Este protocolo permite a diferenciação eficiente e reprodutível de adipócitos marrons que expressam os principais fatores de transcrição adipogênicos, marcadores de adipócitos maduros e têm potencial termogênico e fenótipo morfológico de adipócitos marrons maduros. Este é um procedimento de diferenciação bifásica simples e replicável para obter células com características de adipócitos marrons maduros a partir de tecido adiposo marrom interescapular de camundongos recém-nascidos. Este protocolo permite estudar os mecanismos de ativação do tecido adiposo marrom como alvo para o tratamento da obesidade.
Tem sido um modelo para determinar os mecanismos envolvidos na fisiopatologia da lipodistrofia. Espera-se que a execução dessa técnica pela primeira vez seja um desafio.
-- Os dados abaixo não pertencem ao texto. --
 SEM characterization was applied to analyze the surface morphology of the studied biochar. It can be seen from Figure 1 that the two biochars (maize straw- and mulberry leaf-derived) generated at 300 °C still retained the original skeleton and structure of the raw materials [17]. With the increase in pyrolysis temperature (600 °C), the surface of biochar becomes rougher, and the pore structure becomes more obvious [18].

É essencial ter um protocolo detalhado e enfatizar pontos críticos para ter resultados bem-sucedidos.
Para começar, coloque o camundongo sacrificado em decúbito ventral e faça uma incisão na pele de um centímetro de comprimento no nível médio das costas do animal usando uma tesoura afiada. Remova a pele com cuidado, retire cirurgicamente o iBAT da carcaça usando uma tesoura pequena. Colha os dois lóbulos do iBAT usando um alicate de ponta curva para remover os lóbulos de forma independente.
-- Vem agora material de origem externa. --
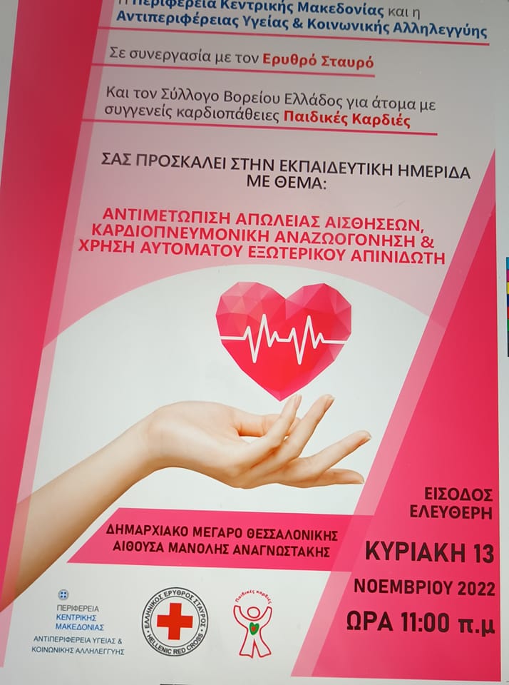Στιγμιότυπα από την Θεματικό Εκπαιδευτικό Σεμινάριο Καρδιοπνευμονικής Αναζωογόνησης & χρήσης εξωτερικού αυτόνομου απινιδωτή που διεξήχθη στις 13 Νοεμβρίου 2022 στην Αίσουσα “Μανόλης Ανασταγνωστάκης” Δημαρχιακού Μεγάρου Θεσσαλονίκης. Συνεργασία Σύλλογος Παιδικές Καρδιές Β. Ελλάδος , Αντιπεριφέρεια Υγείας & Κοινωνικής Αλληλεγγύης, Ελληνικός Ερυθρός Σταύρος. https://www.facebook.com/watch/?v=1320123712124065 https://www.facebook.com/paidikeskardies/videos/836440354144083/ https://www.facebook.com/watch/?v=1056369892426941 https://www.facebook.com/watch/?v=904909710677301 https://www.facebook.com/watch/?v=885198356148406 https://www.facebook.com/paidikeskardies/posts/pfbid02pr7YjZDtXFu4fEnMPx6g7w4FSP4AruwdtHrztDyUsmut6RZuvoYXJ5Qy2BaKT1tgl

Coloque os dois lóbulos em um tubo de plástico com 1,5 mililitros de PBS estéril em temperatura ambiente. Incubar os tecidos do iBAT em tampão de digestão colagenase tipo dois por 45 minutos a 37 graus Celsius com agitação suave contínua a 800 RPM. Interrompa mecanicamente a suspensão tecidual no tampão de digestão colagenase tipo dois, pipetando para cima e para baixo usando uma micropipeta P1000 e pontas de filtro.
Use uma nova ponta para cada amostra. Passe os tecidos dessegregados através de filtros de células individuais de 100 micrômetros para novos tubos de 1,5 mililitro. Adicione 500 microlitros de tampão ACK às amostras de tecido filtrado.
Inverter os tubos quatro a cinco vezes e incubar à temperatura ambiente durante quatro minutos. Em seguida, passe as suspensões por um filtro de células de 40 micrômetros em novos tubos de 1,5 mililitro usando uma micropipeta P1000 e pontas filtradas. Centrifusion ressuspende o pellet conforme descrito no manuscrito do texto.
Em seguida, semeie cada amostra em seis poços de uma placa de cultura de 24 poços, adicionando um mililitro da suspensão a cada poço. Os pré-adipócitos indiferenciados apresentaram níveis muito baixos ou indetectáveis de ppar-gama, C/ebp-alfa, perilipina 1 e CD36. Em contraste, esses marcadores foram significativamente maiores no sétimo dia de diferenciação.
O acúmulo de múltiplas gotículas lipídicas nos pré-adipócitos marrons foi consistente com os resultados publicados anteriormente. Um aumento significativo foi observado nos níveis de proteína do marcador de massa mitocondrial TOM 20 e do complexo de fosforilação oxidativa no sétimo dia de diferenciação. UCP1, um marcador genuíno deste tipo de célula, não foi detectado em pré-adipócitos indiferenciados, enquanto foi substancialmente expresso em adipócitos marrons maduros no sétimo dia de diferenciação.
As mitocôndrias evoluíram de uma forma tubular alongada no dia zero para uma forma arredondada ou semelhante a um feijão no dia sete. A estrutura interna mitocondrial também foi modificada pela adipogênese, resultando em maior densidade dos cristais compactados paralelamente. É importante ressaltar que as mitocôndrias estavam intimamente associadas a gotículas lipídicas nos adipócitos marrons diferenciados, de modo que nenhuma distância discernível entre a membrana externa da mitocôndria e as superfícies das gotículas lipídicas pôde ser detectada, mesmo com microscopia eletrônica de transmissão de alta resolução.
A remoção cirúrgica do tecido adiposo interescapular é crítica. Uma quantidade ineficiente de tecido limita a disponibilidade de células que serão diferenciadas. Esta técnica de imagem ajuda a caracterizar a morfologia de adipócitos marrons diferenciados in vitro.
É possível realizar ensaios para função mitocondrial, ativação beta androgênica e inibição autofágica.